About the job
AI Trainer: Code Generation Specialist
Overview
Join our dynamic team at embedding-vc, where we are dedicated to advancing the capabilities of large language models in understanding and generating real-world code. Our focus lies in evaluating and enhancing multi-step reasoning pathways derived from actual GitHub repositories, with the aim of delivering high-quality and reliable code generation outputs.

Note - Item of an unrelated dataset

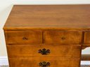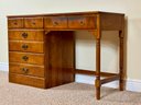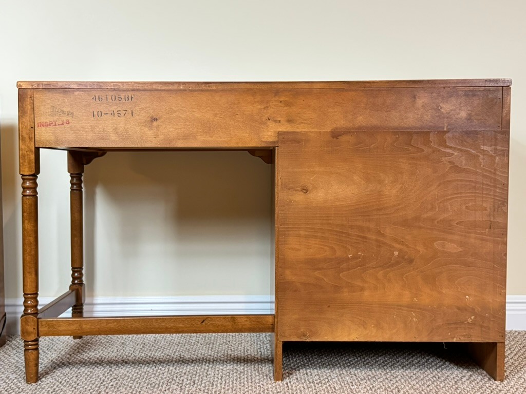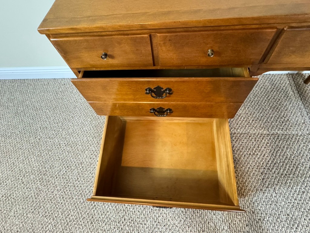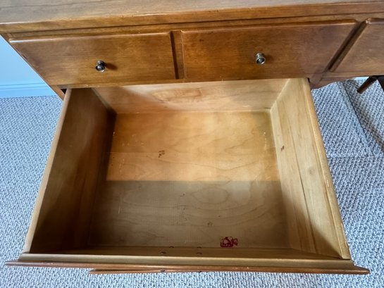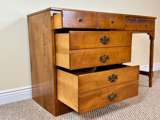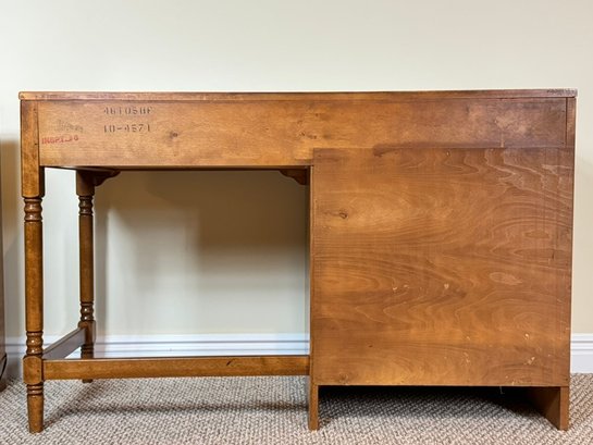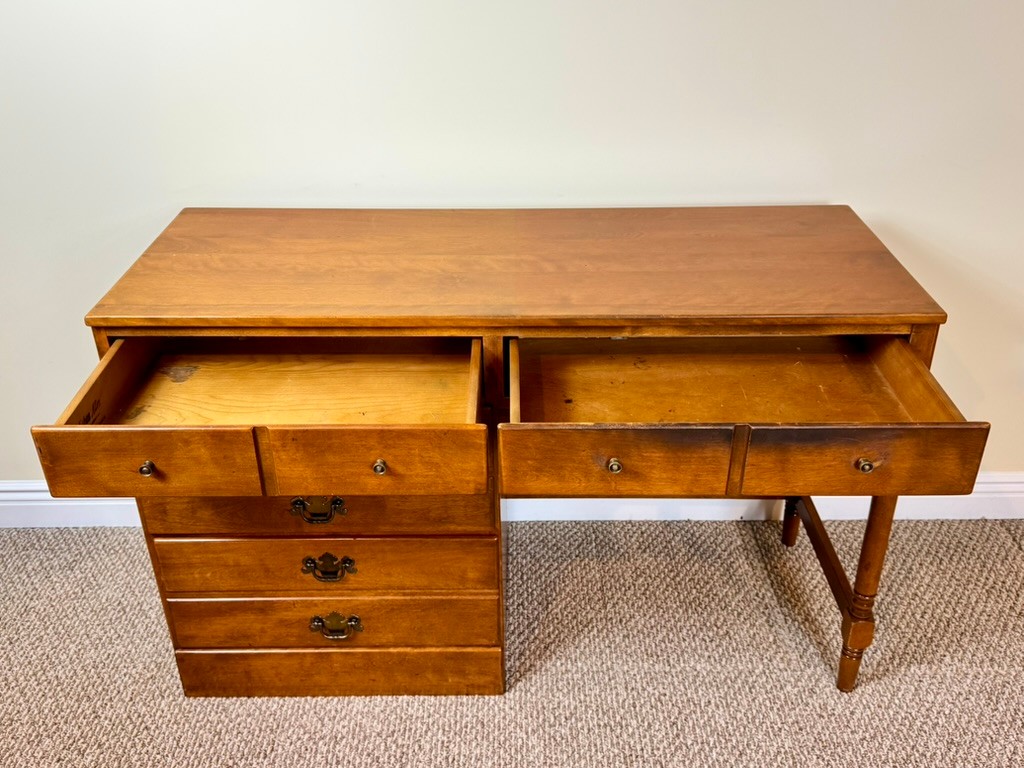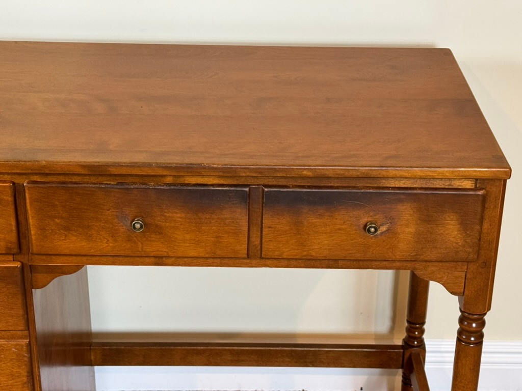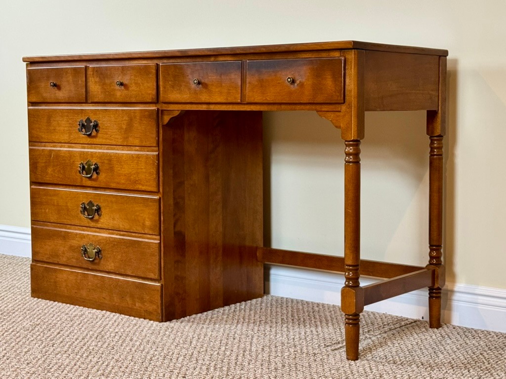 Classic Ethan Allen Early American writing desk crafted from solid maple and birch, finished in a warm honey tone. Clean colonial lines and sturdy construction make this a timeless and highly functional piece.

This long-term initiative requires engineers who possess strong engineering judgment and a deep understanding of complex coding environments. You will engage with intricate code paths and reasoning flows across various platforms.
Your Responsibilities
As an AI Trainer, you will assess and enhance multi-step reasoning trajectories generated from live production repositories. Your key tasks will include:
- Reviewing and analyzing model-generated reasoning sequences
- Identifying logical inconsistencies or weak reasoning steps
- Improving trajectory structures to yield robust, production-grade outputs
- Evaluating reasoning quality across diverse programming environments
This role is more aligned with debugging model logic and reasoning systems than traditional annotation tasks.
Qualifications We Seek
We are in search of engineers with extensive hands-on development experience and a robust familiarity with real codebases. Ideal candidates will:
- Be proficient in at least two mainstream programming languages, such as Python, C++, Java, TypeScript, or JavaScript
- Have practical development experience in areas including backend systems, frontend applications, algorithms, testing, and infrastructure
- Be adept at navigating and reasoning through large GitHub repositories
- Possess strong written communication skills
Experience contributing to highly visible or popular GitHub repositories is a significant advantage.
Additional Information
We plan to onboard approximately 10 to 20 engineers for this ongoing initiative. A brief qualification exercise may be required prior to joining.